— Excerpts from a dataset —
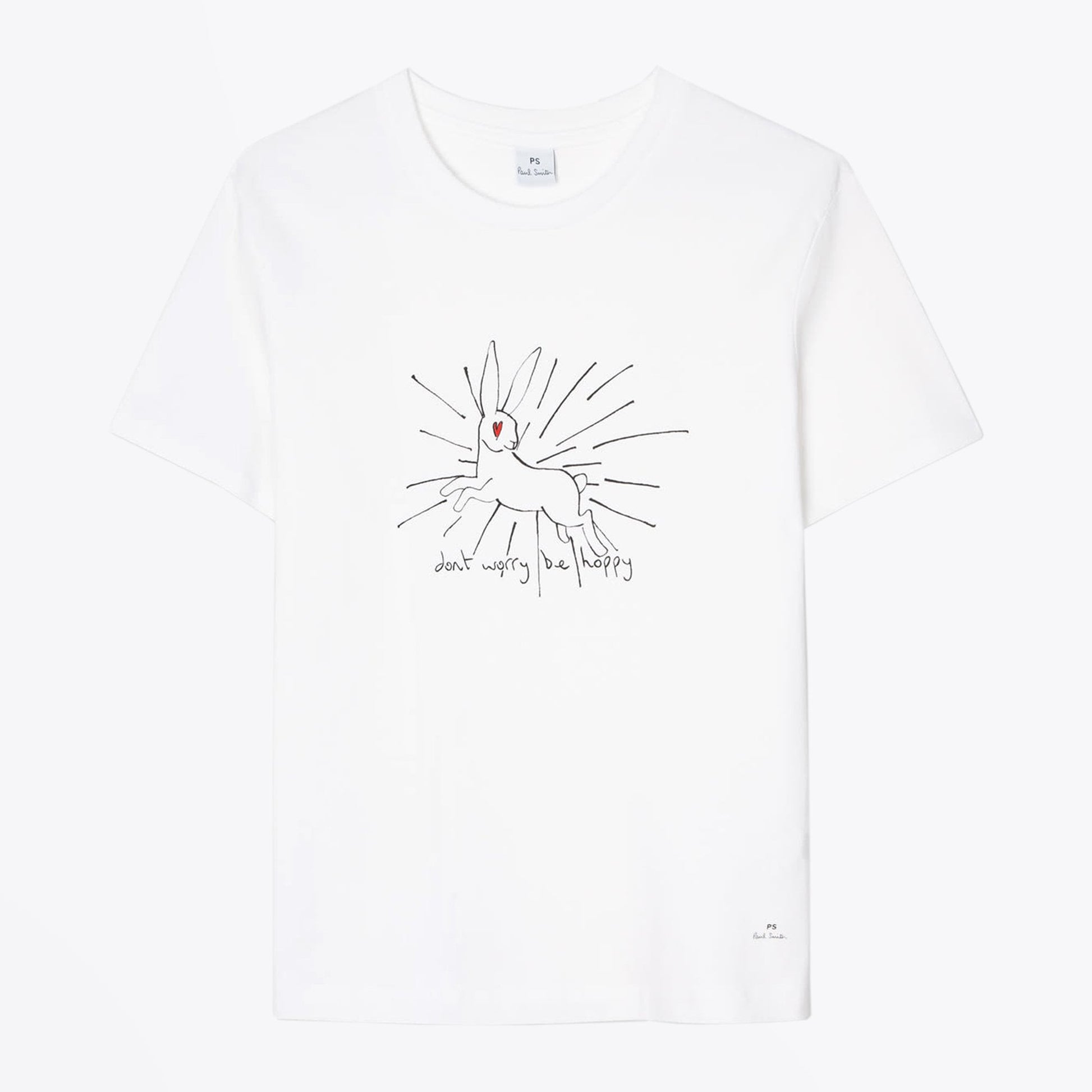 Paul Smith is a distinguished British designer who is renowned for his creative aesthetic, which combines tradition and modernity. Classic with a hint of eclectic is the key element of the company. Constructed from a soft, premium organic cotton, this white short-sleeve t-shirt boasts a ‘Be Hoppy’ sketch motif on the front. Cut for a slightly boxy fit this t-shirt would be styled perfectly with jeans or tailored trousers for a relaxed everyday outfit.
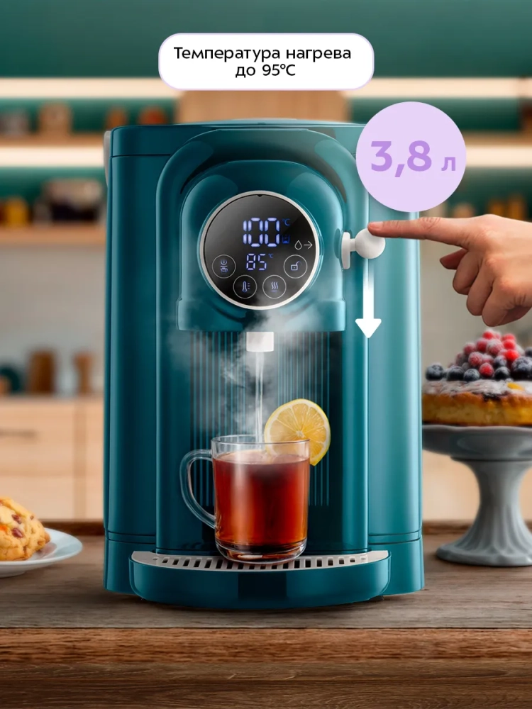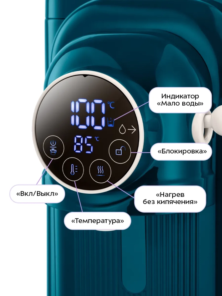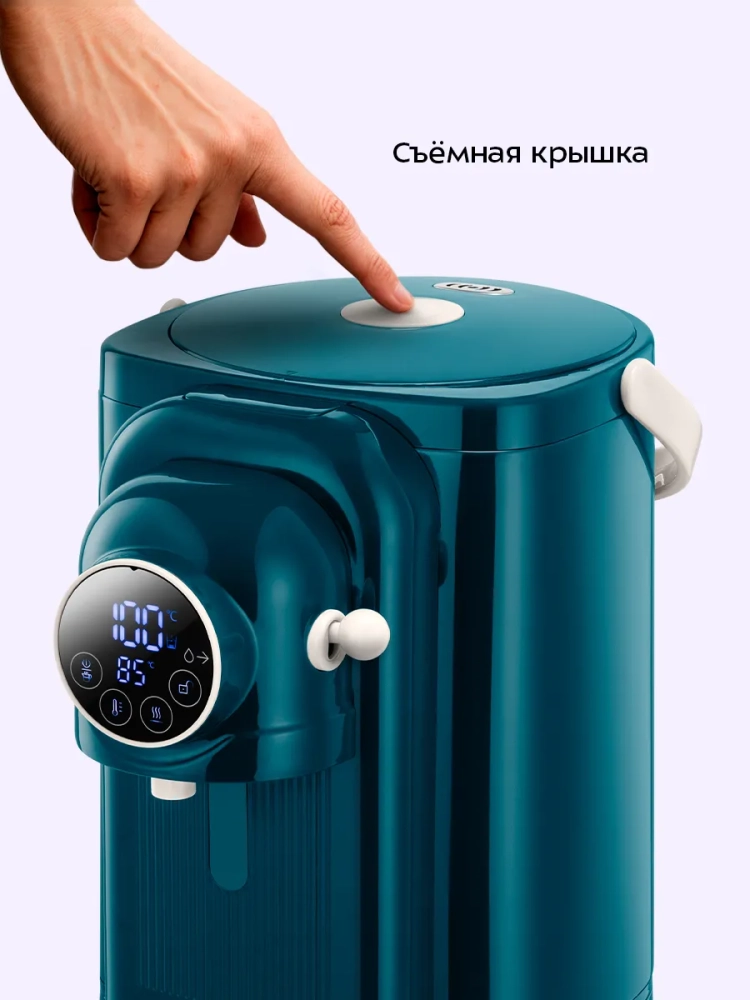 Термопот оснащен функцией выбора температуры. Он может не только вскипятить воду, но и нагреть ее до температуры 45, 55, 65, 75, 85 или 95 °С, что очень удобно при заваривании различных сортов чая, приготовлении кофе и детского питания.
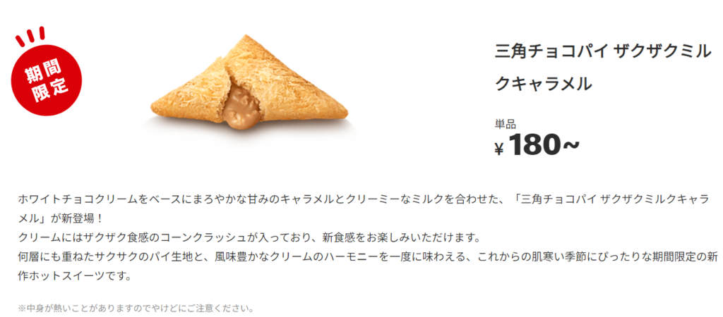 マクドナルド「三角チョコパイ」の季節到来! 新作「おいもとキャラメル」、定番「黒」発売 - グルメ Watch。
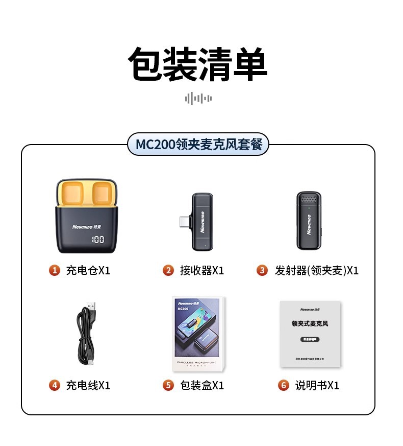 纽曼无线领夹式麦克风MC200领录音降噪设备录视频直播收音话筒
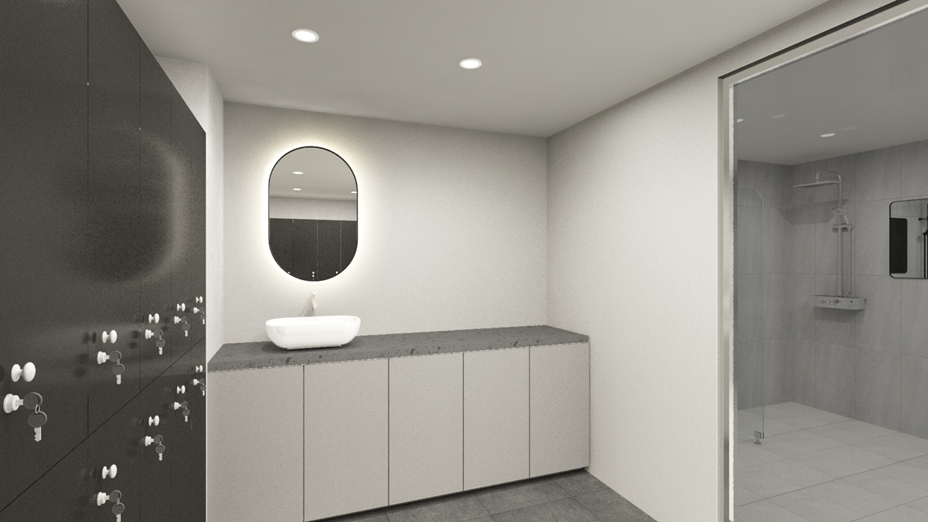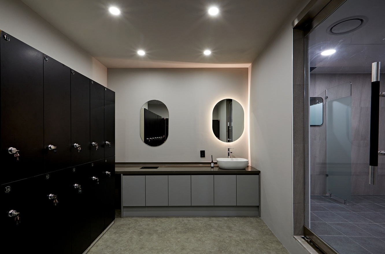 운동 후 이용하는 샤워룸과 락커룸 역시 전체적으로 어두운 톤을 유지하면서도, 그레이 컬러의 싱크대와 블랙 옷장을 활용해 실용적인 공간으로 구현하였습니다.
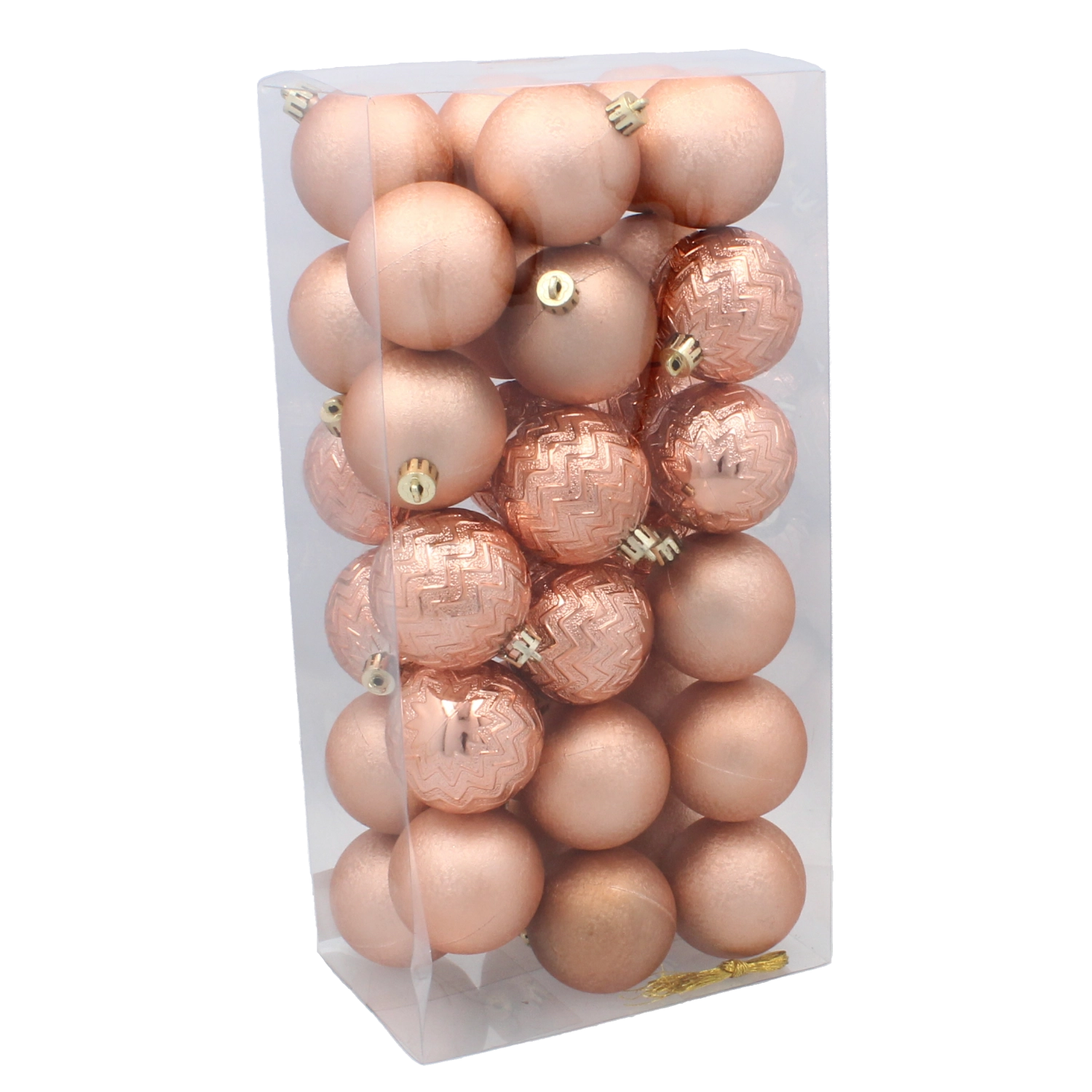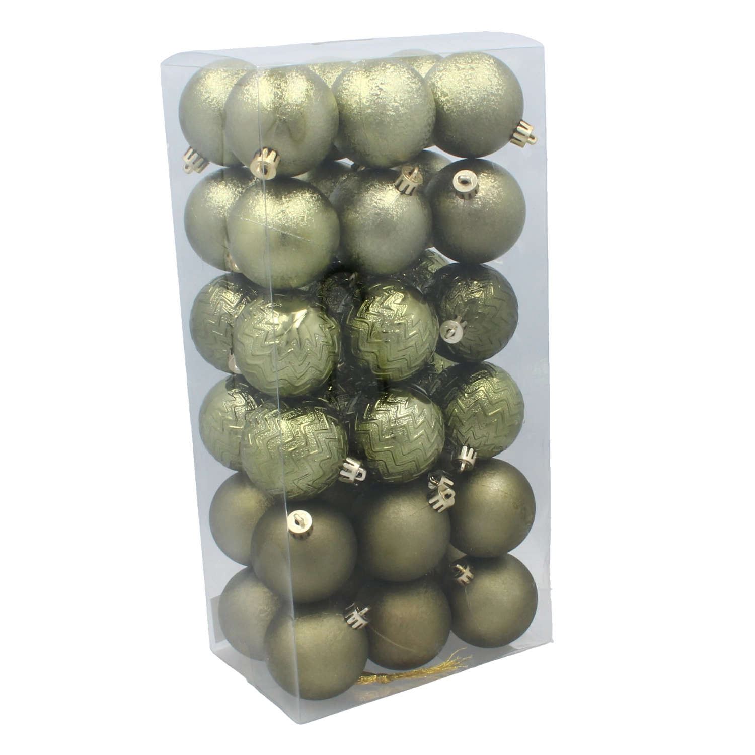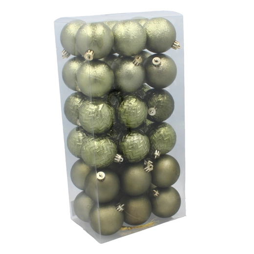 Skab et perfekt afstemt juletræ med et sæt på 36 kugler med en diameter på 6 cm i elegante toner af oliven, kobber og grafit. Det lette og holdbare plastmateriale er ubrudsikkert, så det passer til hjem med både børn og kæledyr. Kombinationen af matte og blanke overflader samt forskellige designs muliggør kreativ dekoration og et stilrent, moderne udtryk i indretningen.

— Exercise prompt —
Please transcribe the entries exactly, omitting the images.

— Exercise solution —
 Paul Smith is a distinguished British designer who is renowned for his creative aesthetic, which combines tradition and modernity. Classic with a hint of eclectic is the key element of the company. Constructed from a soft, premium organic cotton, this white short-sleeve t-shirt boasts a ‘Be Hoppy’ sketch motif on the front. Cut for a slightly boxy fit this t-shirt would be styled perfectly with jeans or tailored trousers for a relaxed everyday outfit.
 Термопот оснащен функцией выбора температуры. Он может не только вскипятить воду, но и нагреть ее до температуры 45, 55, 65, 75, 85 или 95 °С, что очень удобно при заваривании различных сортов чая, приготовлении кофе и детского питания.
 マクドナルド「三角チョコパイ」の季節到来! 新作「おいもとキャラメル」、定番「黒」発売 - グルメ Watch。
 纽曼无线领夹式麦克风MC200领录音降噪设备录视频直播收音话筒
 운동 후 이용하는 샤워룸과 락커룸 역시 전체적으로 어두운 톤을 유지하면서도, 그레이 컬러의 싱크대와 블랙 옷장을 활용해 실용적인 공간으로 구현하였습니다.
 Skab et perfekt afstemt juletræ med et sæt på 36 kugler med en diameter på 6 cm i elegante toner af oliven, kobber og grafit. Det lette og holdbare plastmateriale er ubrudsikkert, så det passer til hjem med både børn og kæledyr. Kombinationen af matte og blanke overflader samt forskellige designs muliggør kreativ dekoration og et stilrent, moderne udtryk i indretningen.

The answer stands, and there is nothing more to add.